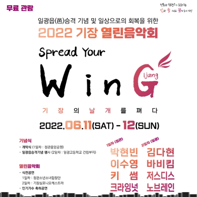 2022 기장 열린음악회가 3년 만에 개최됩니다. 매년 다른 주제로 기장 군민들과 함께하는 열린음악회가 올해 'Spread your WinG-기장의 날개를 펴다' 주제로 6월 11일(토) ~ 12일(일) 2회 기장 열린음악회가 개최됩니다.
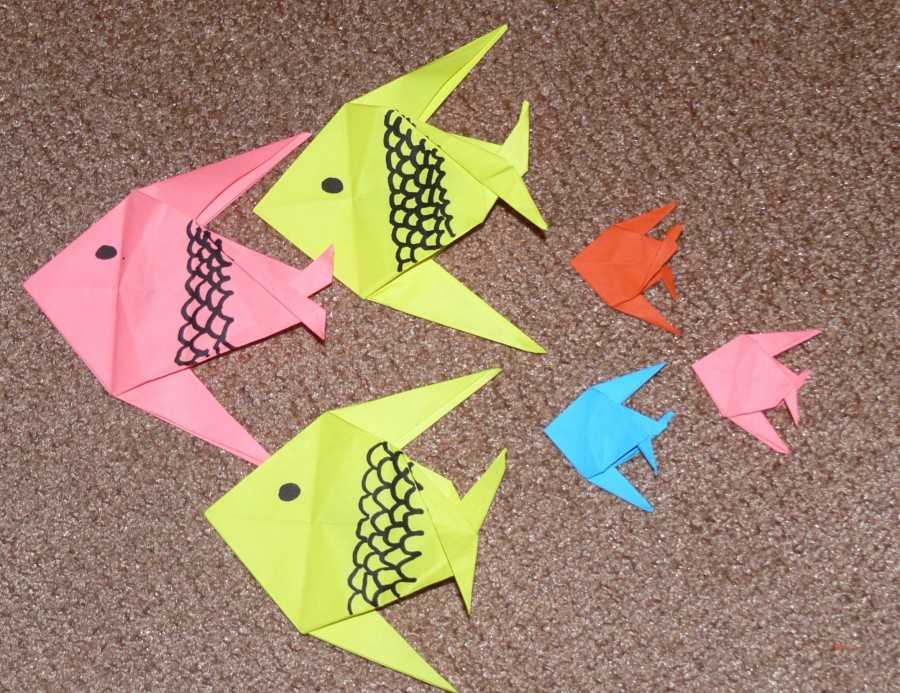 Теперь вы знаете разные техники, как сделать рыбку из бумаги, пластилина, оригами. Если применить немного фантазии, сделать разного размера цветных рыбок, они будут отличаться и создадут стайку в аквариуме или на картоне.
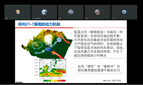 The causes of extreme weather and climate events in the context of global warming are important scientific issues of wide concern to the academic community and the public. Academician Wang Huijun first introduced the extreme weather and climate events that occurred in China in the past three years and the hazards they caused, such as the violent plum rains in the middle and lower reaches of the Yangtze River in June 2020, the "empty platform" phenomenon in South China in July and the heavy rainstorm in Zhengzhou in July 2021. Next, Academician Wang Huijun presented a detailed analysis of the causes of these extreme weather and climate events in the form of a timeline. Numerical simulation experiments were used to reveal the causes of extreme weather events in the context of global warming, taking into account the coupled sea-land-air processes. Taking the July 2021 heavy rainstorm in Zhengzhou as an example, Academician Wang Huijun integrated the influence of large-scale atmospheric circulation and mesoscale local airflow changes and topographic factors to reveal the dynamical mechanism of the Zhengzhou rainstorm and demonstrated through model simulation results that global warming had contributed to the occurrence of the Zhengzhou rainstorm. Finally, Academician Wang Huijun gave a brief summary and outlook of the presentation. He pointed out that extreme weather and climate events in China are persistent, clustered, and complex in nature, and were related to human activities and coupled sea-land-air processes; extreme weather and climate events were often high to catastrophic, with low and difficult prediction levels, and our ability to cope with these events needs to be strengthened urgently. The in-depth and colorful presentation by Academician Wang Huijun enabled the students and teachers to understand the possible links between extreme weather and climate events and elements of the Earth system, such as the atmosphere, sea temperature, sea ice, and topography, and to deeply appreciate the characteristics of the Earth system that involve the whole body.
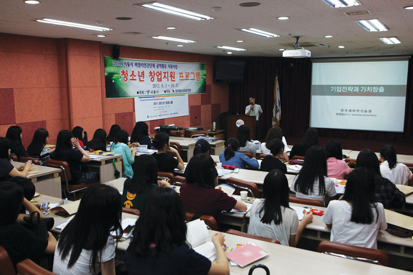 세라믹기술원은 지난 7월 29일 서울 미림여자고등학교 학생들을 대상으로 2011 청소년 창업스쿨 “Young Entrepreneurship De-velopment Course”를 서울 본원에서 개최했다. 이번 행사는 청소년에게 직업탐색 및 체험학습을 장려하여 적성 흥미 능력에 맞는 올바른 진로 선택을 도와주고, 청소년 창업의 절차, 방법, 청소년 창업기업 현지 참관 등 밀도 있는 체험학습을 장려하여 직업적 소양 및 건전한 직업관을 육성하기 위해 서울시와 한국청소년보호연맹이 주최하고 한국세라믹기술원 세라믹스 창업보육센터에서 주관한 행사다.
:::
§ **WHAT TO PRODUCE**:
Omitting all pictures, restate exactly the lines of the material from its start through the line that contains "Теперь вы знаете".

§ **RESULT FOR THIS EXERCISE**:
 2022 기장 열린음악회가 3년 만에 개최됩니다. 매년 다른 주제로 기장 군민들과 함께하는 열린음악회가 올해 'Spread your WinG-기장의 날개를 펴다' 주제로 6월 11일(토) ~ 12일(일) 2회 기장 열린음악회가 개최됩니다.
 Теперь вы знаете разные техники, как сделать рыбку из бумаги, пластилина, оригами. Если применить немного фантазии, сделать разного размера цветных рыбок, они будут отличаться и создадут стайку в аквариуме или на картоне.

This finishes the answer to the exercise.